Thanks for the response, at work right now but I'll re read your post later.
 

Richard Drysift

Well-Known Member
I give mostly just RO or water from my dehumidifier but because it contains no macros I do give an organic liquid calmag about every watering depending upon how far into bloom they are. Vegging plants don't need much calmag but flowering plants need a lot but this is the only thing from a bottle I use except the occasional dose of big bloom in my AACT teas. I never give them nutrient tea because they never seem to need it. I still think this whole thing will reverse itself if you just give clean water for awhile.
Dang that is an expensive pH probe, don't think I'll go with that one.

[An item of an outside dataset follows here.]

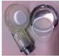
シャワーヘッド&タブレット シャワーヘッドに タブレットを入れるだけ

本商品「ワンちゃんネコちゃん炭酸シャワー」は、炭酸効果によって、ペットの皮膚環境や体調を整えていきます。ペットが健康キレイであれば、一緒に住む人間も健康でキレイな環境で生活することができます。

Pretty sure the problem with the necrotic leaf tip/yellowing leaves/interveinal green is Mg lockout, too much Ca/Mg more than likely. Going to give it a micronutrient formula with Mg and no Ca in it and see how it recovers. The other two seem to be doing OK, and the Kush plant just doesn't give a fuck about nutrient lockout as it wasn't affected.. lol.
That is a strong possibility. I use RO and distilled water too so I use a liquid organic cal mag almost every watering. General Organics brand works great.
 

DesertGrow89

Well-Known Member
I give mostly just RO or water from my dehumidifier but because it contains no macros I do give an organic liquid calmag about every watering depending upon how far into bloom they are. Vegging plants don't need much calmag but flowering plants need a lot but this is the only thing from a bottle I use except the occasional dose of big bloom in my AACT teas. I never give them nutrient tea because they never seem to need it. I still think this whole thing will reverse itself if you just give clean water for awhile.
That is a strong possibility. I use RO and distilled water too so I use a liquid organic cal mag almost every watering. General Organics brand works great.
Thank you for the cal mag tip, I used big bloom during the last grow in flowering teas also. You are right about them turning around, added more dirt to cover stems up to the first node for max root development and sprayed some soluble root zone on them with a pump sprayer.
 

Richard Drysift

Well-Known Member
big bloom contains synthetics... why would you put that in a tea?
No it does not contain anything synthetic. BB is actually recommended to use as a base for brewing organic teas in the Revs True Living Organics book. It is safe for soil food webs; although nothing else made by fox farm is except happy frog 555. It IS 100% organic let's not spread misinformation...
 

DesertGrow89

Well-Known Member
No it does not contain anything synthetic. BB is actually recommended to use as a base for brewing organic teas in the Revs True Living Organics book. It is safe for soil food webs; although nothing else made by fox farm is except happy frog 555. It IS 100% organic let's not spread misinformation...
Yeah, that's where I got the idea from his book is on my desk ha.
 

ShLUbY

Well-Known Member
No it does not contain anything synthetic. BB is actually recommended to use as a base for brewing organic teas in the Revs True Living Organics book. It is safe for soil food webs; although nothing else made by fox farm is except happy frog 555. It IS 100% organic let's not spread misinformation...
cool, i'll keep that noted. sorry for the misinfo.